What’s natural about natural disasters?


Panel of CU-Boulder social scientists to take timely look at floods, fires and superstorms

In the wake of the September 2013 floods, Nebraska Task Force One conducts search and rescue operations in the hard-hit mountain town of Jamestown. Photo: Michael Rieger/FEMA.

Natural disasters like those that struck Colorado and the East Coast in the last year are the focus of a Social Sciences Today Forum at the University of Colorado Boulder.

The event, featuring four experts, is scheduled for Thursday, Nov. 14, from 6:30 p.m. to 8 p.m. in Hellems 201.

Four members of the CU-Boulder social science faculty will speak about natural disasters for about 10 minutes each and then answer questions. The panelists are:

Nicholas Flores, professor of economics.

Payson Sheets, professor of anthropology.

Kathleen Tierney, professor of sociology and director of the Natural Hazards Center, Institute of Behavioral Science.

Emmanuel David, assistant professor of women and gender studies.

Sheets will be introducing a new concept: the “supernatural disaster” that presents people’s understanding of extreme environmental events prior to the past couple centuries of scientific explanations.

“For instance, earthquakes for the Maya were caused by the Skybearers because of human misbehavior. Tsunamis in the Northwest Coast of North America were caused by the battle between the sea god and the sky god, and after the earthquake people would climb to high ground,” Sheets said.

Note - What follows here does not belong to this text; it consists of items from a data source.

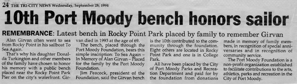 Newspaper article on waterfront bench at Port Moody placed in honour of Alan Girvan
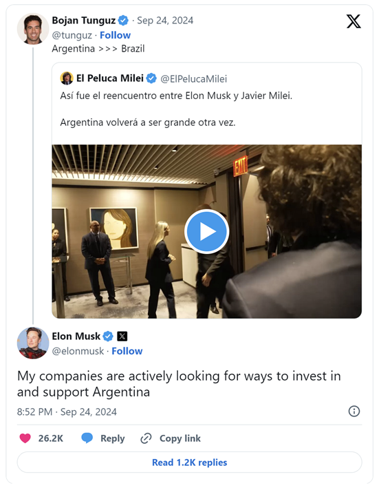 “我的公司正在积极寻找投资和支持阿根廷的方式,”马斯克在回复中写道。
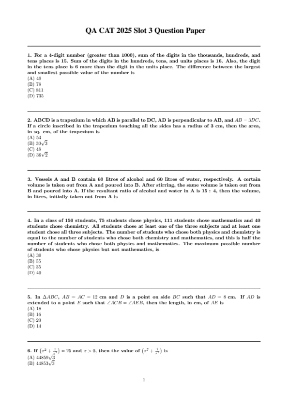 Also Check CAT 2025 Question Paper (All Slots)
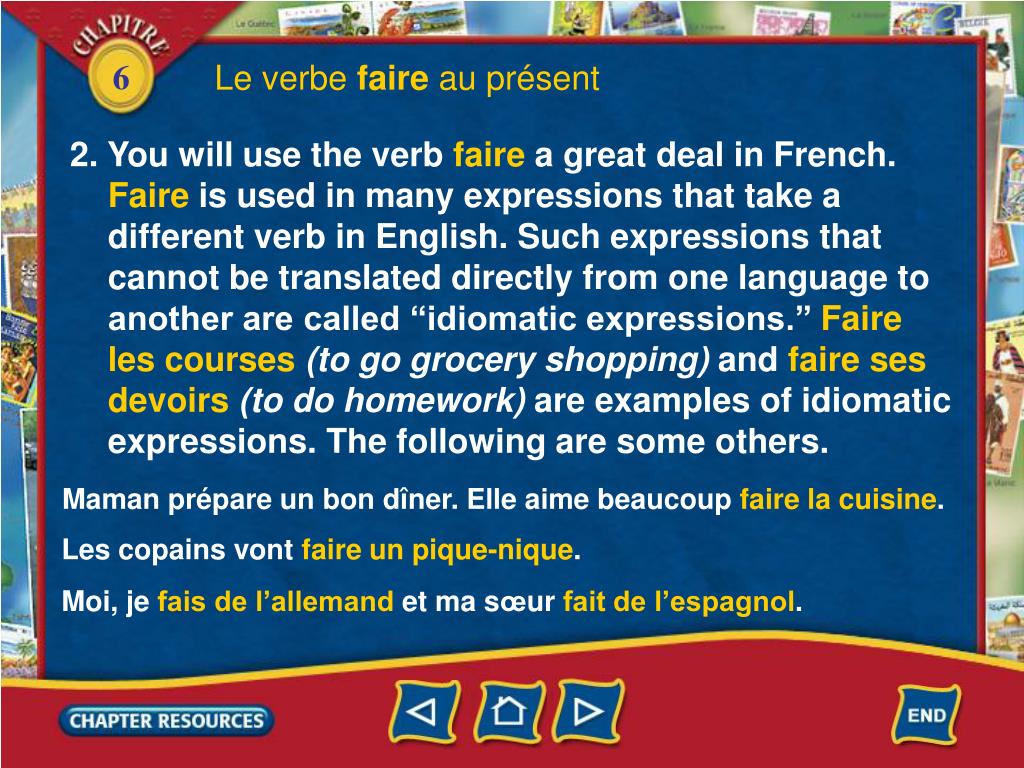 Le verbe faire au présent 2. You will use the verb faire a great deal in French. Faire is used in many expressions that take a different verb in English. Such expressions that cannot be translated directly from one language to another are called “idiomatic expressions.” Faire les courses(to go grocery shopping) and faire ses devoirs(to do homework) are examples of idiomatic expressions. The following are some others. Maman prépare un bon dîner.Elle aime beaucoup faire la cuisine. Les copains vont faire un pique-nique. Moi, je fais de l’allemand et ma sœur fait de l’espagnol.

David said he will discuss his contention that natural disasters are far from being “great equalizers” and are not experienced in uniform ways. ”

Drawing on the fields of gender studies and disaster sociology, this presentation examines the gendered consequences of extreme events, which provide a lens through which gender inequalities in everyday life become visible.”

The Social Sciences Today Forum, a monthly series, is designed to help the public gain broader perspectives and deeper understanding of human society and how individuals relate to the community and one another. Natural disasters is one example of such a topic. In its inaugural session, the forum focused on immigration.

This forum brings the knowledge and expertise of social science faculty to the greater community and allows the community to ask questions of leading scholars.

The Hellems Arts and Sciences building is on the CU-Boulder main campus and is highlighted in this campus map.